In Brennaman’s case, there’s an ugly undercurrent on Twitter that believes he should get a pass because he didn’t know his comments would be aired. That doesn’t absolve him in the least. Live broadcasts require numerous people, from camera operators to production assistants to directors, many of whom hear everything Brennaman says whether it goes out to the public or not. Among those co-workers, it’s a near certainty that at least one is LGBT and/or has a loved one who is; Brennaman’s slur is a direct insult to them. Given how casually he said it, how many other times have his colleagues had to endure his homophobia?

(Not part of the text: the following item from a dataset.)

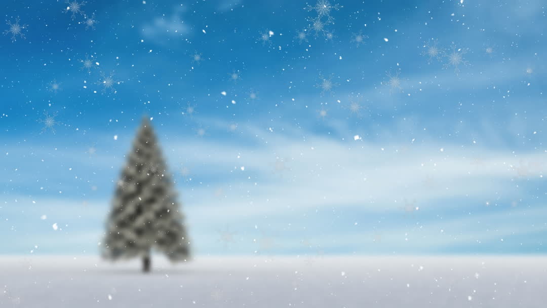 Serene and atmospheric, this animated illustration captures the falling snow against a winter landscape. Blurred Christmas tree and softly falling flakes add to the sense of tranquility. Ideal for use in holiday greetings, seasonal promotions, or background visuals promoting festive spirit.
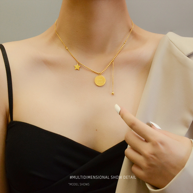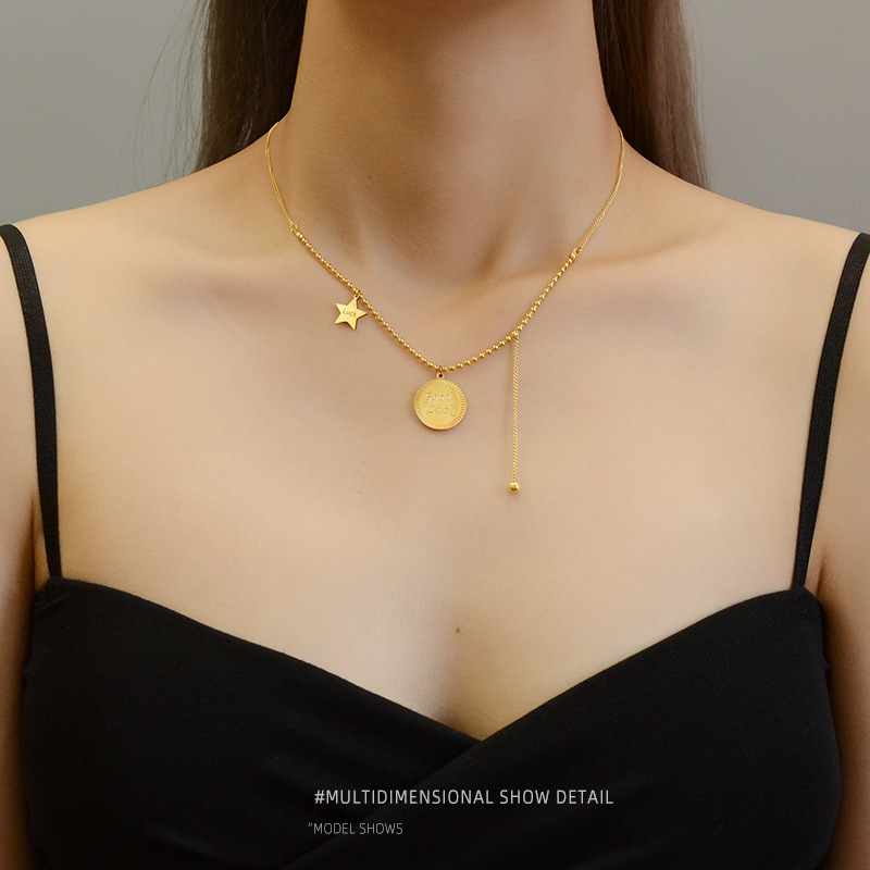 European and American INS Queen Elizabeth portrait head round card pendant necklace female collarbone chain titanium steel jewelry

Brennaman’s been suspended indefinitely by the Reds and dropped from Fox NFL broadcasts as well.

Even before last week’s incidents, broadcast booths across all sports were in dire need of more diverse voices — more women, more people of color, fewer dinosaurs stuck in the amber of their ways. That won’t necessarily eliminate comments like those of Brennaman and Milbury, but it can help.

As McManus noted, the real-time reaction to their comments shows that things are changing.

“There are a lot of really obvious and really subtle ways that communicate to us that we are still on territory where we may not be welcome, whether as people whose sexual orientation may not be ‘conventional’ or because of gender, and women of color deal with twice as much as anybody else is,” she said. “The fact that there’s a lot of pushback against saying it out loud is the thing that’s changed.”

And it’s not just fans who were upset. Cincinnati pitchers Amir Garrett and Matt Bowman tweeted support to the LGBT community and expressed remorse, with Garrett saying “whoever is against you, is against me.”

Their words were likely incredibly meaningful to queer baseball fans everywhere, and they also serve notice to broadcasters who want to perpetuate such outmoded ideas: Grow up, or make room for someone who has.